Russian bard and poet (born 1933)

Alexander Moiseevich Gorodnitsky (Note: Александр Моисеевич Городницкий) (born March 20, 1933) is a Soviet and Russian bard and poet.

He is the author of over 60 books, poems, songs, and other literary works. His song "The Atlanteans Hold the Heavens" is the official anthem of the Hermitage Museum and considered as unofficial anthem of Saint Petersburg.

Professionally, he is a geologist and oceanographer. Gorodnitsky is an author of over 250 scientific publications on geophysics and tectonics of ocean bottom.

Asteroid No. 5988 and a pass in the Sayan Mountains were named after Alexander Gorodnitsky.

==Early life==
Gorodnitsky was born on 20 March 1933 in Leningrad to a Russian Jewish family originated from Mogilev. His father, Moisey Afroimovich Gorodnitsky (1908–1986), was an engineer who worked in the printing industry. His mother, Rakhil Moiseevna Gorodnitskaya (1908–1981), in her youth, was a school mathematics teacher, then worked as corrector and editor of sailing directions.

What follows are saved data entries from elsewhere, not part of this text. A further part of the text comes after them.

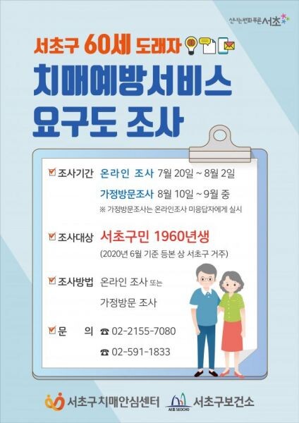 ‘치매예방 서비스 요구’도 조사에 대해 궁금한 점은 서초구 치매안심센터로 문의하면 된다.
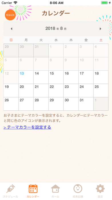 お子さんに合わせた予防接種スケジュールを自動作成し、プッシュ通知によりメッセージの受け取りができます。その他、子どもの身長や体重を写真やコメントと一緒に記録したり、成長をグラフで表示する成長記録機能や子育てに関する情報を閲覧することができます。
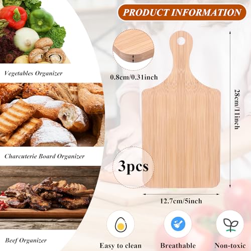 - Bamboo Cutting Boards: you will receive 3 pieces of bamboo cutting boards, Enough quantity can meet your diverse customization, serving or cutting needs. These bamboo kitchen butcher block measuring approx. 11x5x0.31 inch/28x12.7x0.8 cm, suitable for all kinds of cutting, chopping, you can use them for breads, cheeses, meats, vegetables, fruits, and pizzas, etc
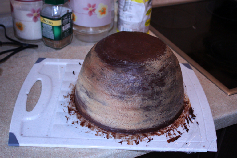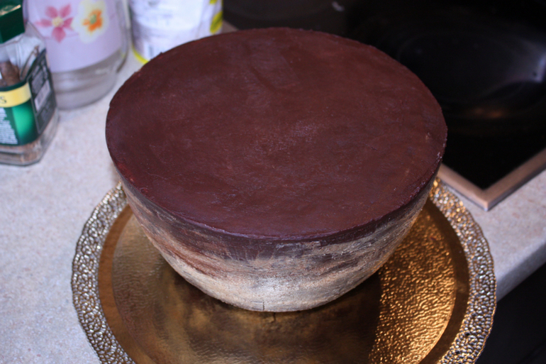 10. Вот такая заготовка должна у вас получиться. Покрываем верхний корж ганашем, переворачиваем и снова ставим охлаждаться.
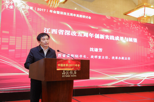 江西省委副秘書長、政研室主任、改革辦副主任沈謙芳指出,過去的五年,特別是近兩年來,江西省認(rèn)真落實(shí)習(xí)近平總書記的重要指示要求,把全面深化改革作為重大的政治任務(wù)采取了一系列硬措施,推動(dòng)各項(xiàng)改革、落實(shí)見效。江西省委省委改革辦自覺對(duì)標(biāo)中央精神確保中央重大改革部署落實(shí)見效;聚焦重點(diǎn)領(lǐng)域關(guān)鍵環(huán)節(jié)取得一批有影響實(shí)踐成果;建立健全改革落實(shí)機(jī)制取得了一批有價(jià)值的制度成果。
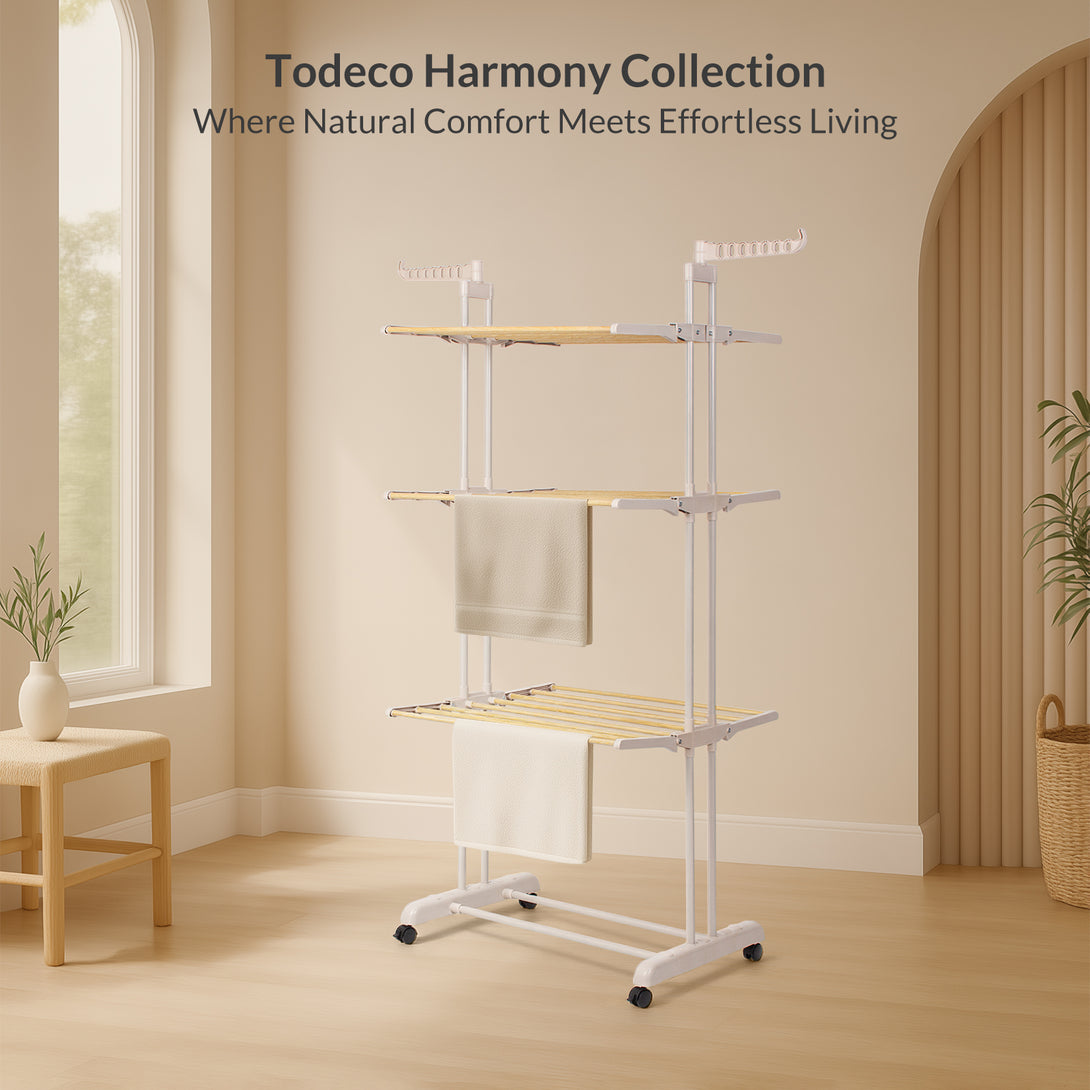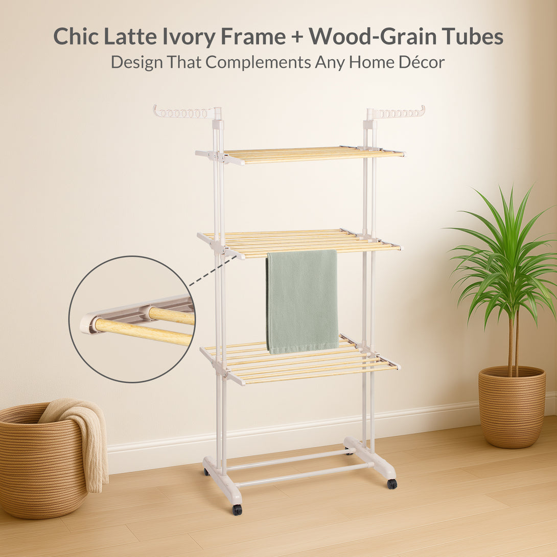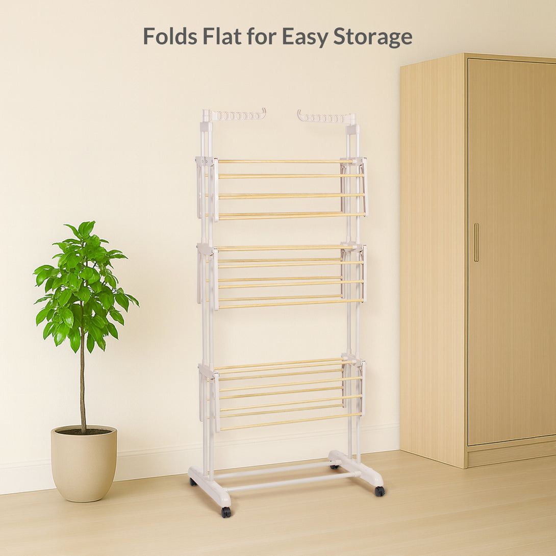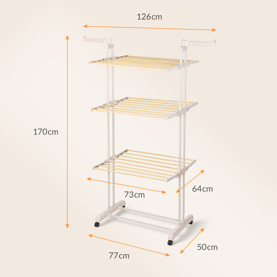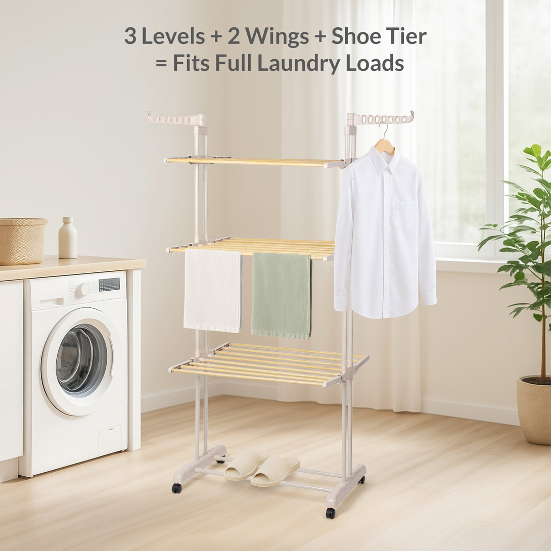 Gran capacidad de secado: Tres niveles, dos alas giratorias para ropa larga, nivel inferior para calzado.
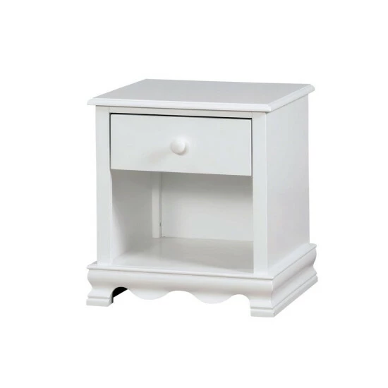Create a room your child will adore with this transitional solid wood nightstand from Furniture of America. This petite nightstand comes in two vibrant colors – brilliant white or pink with dark pink bow accent. The tabletop is spacious enough for a vase, lamp, or knickknacks, while the single drawer features plenty of room for storing linens, books, toys, and more.

Gorodnitsky survived the Siege of Leningrad during the Second World War. In 1951, he graduated from high school №254 and entered the Faculty of Geophysics of the Leningrad Mining Institute, from which he graduated in 1957 with specialist degree.

== Academic career ==
From 1957 until 1972, Gorodnitsky worked in the All Russian Research Institute of Geology and Mineral Resources of the World Ocean, a research institute for arctic geology. He has participated in many geological expeditions. Gorodnitsky is one of the discoverers of the Igarskoye copper deposit (1962).

Since 1962, he has participated in maritime geophysical expeditions. Gorodnitsky is one of the authors of new ocean's electric field measurement method (1967). In collaboration with V.D. Fedorov and A.N. Paramonov, he discovered the bioelectric effect of phytoplankton (1967). In 1968, he became a Candidate of Sciences (thesis on "The application of magnetometry and electrometry for the ocean bottom exploration").

In 1972, Gorodnitsky moved from Leningrad to Moscow and started working for the Shirshov Institute of Oceanology as a principal researcher. In 1982, he became a Doctor of Sciences in geological and mineralogical sciences (thesis on "The structure of oceanic lithosphere and underwater mountain building"). In 1991, Gorodnitsky became an academic professor. In 1997, he authored an original model of petromagnetic structure of the mid-ocean ridge zones.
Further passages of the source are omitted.